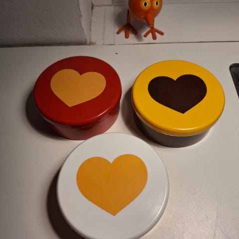 Den ene har et lille sted og en bule men eller er de fine .ik brugt bare ligget hen .samlet køb farver som billedet .
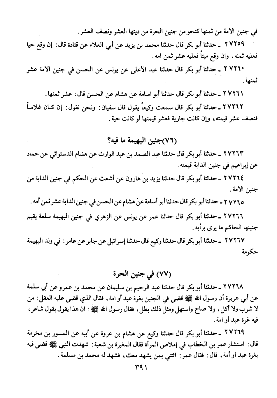 27266 - حَدَّثَنَا أَبُو بَكْرٍ قَالَ: حَدَّثَنَا عُمَرُ، عَنْ يُونُسَ، عَنِ الزُّهْرِيِّ: «§فِي جَنِينِ الْبَهِيمَةِ سِلْعَةٌ يُقَيِّمُ جَنِينَهَا الْحَاكِمُ مَا يَرَى بِرَأْيِهِ»
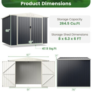 Specifications: Color: Grey Material: Galvanized Color Steel Overall Dimensions: 90″ x 76″ x 71″ (L x W x H) Size of the Door: 62″ x 62″ (L x H) Storage Capacity: 264.5 Cu.Ft Footprint: 47.5 Sq.Ft Net Weight: 149 lbs

Work to complete: Starting at the line that contains "27266 - حَدَّثَنَا", output every line through the end of the data, both ends included, and nothing else; pictures stay out.

Answer space:
 27266 - حَدَّثَنَا أَبُو بَكْرٍ قَالَ: حَدَّثَنَا عُمَرُ، عَنْ يُونُسَ، عَنِ الزُّهْرِيِّ: «§فِي جَنِينِ الْبَهِيمَةِ سِلْعَةٌ يُقَيِّمُ جَنِينَهَا الْحَاكِمُ مَا يَرَى بِرَأْيِهِ»
 Specifications: Color: Grey Material: Galvanized Color Steel Overall Dimensions: 90″ x 76″ x 71″ (L x W x H) Size of the Door: 62″ x 62″ (L x H) Storage Capacity: 264.5 Cu.Ft Footprint: 47.5 Sq.Ft Net Weight: 149 lbs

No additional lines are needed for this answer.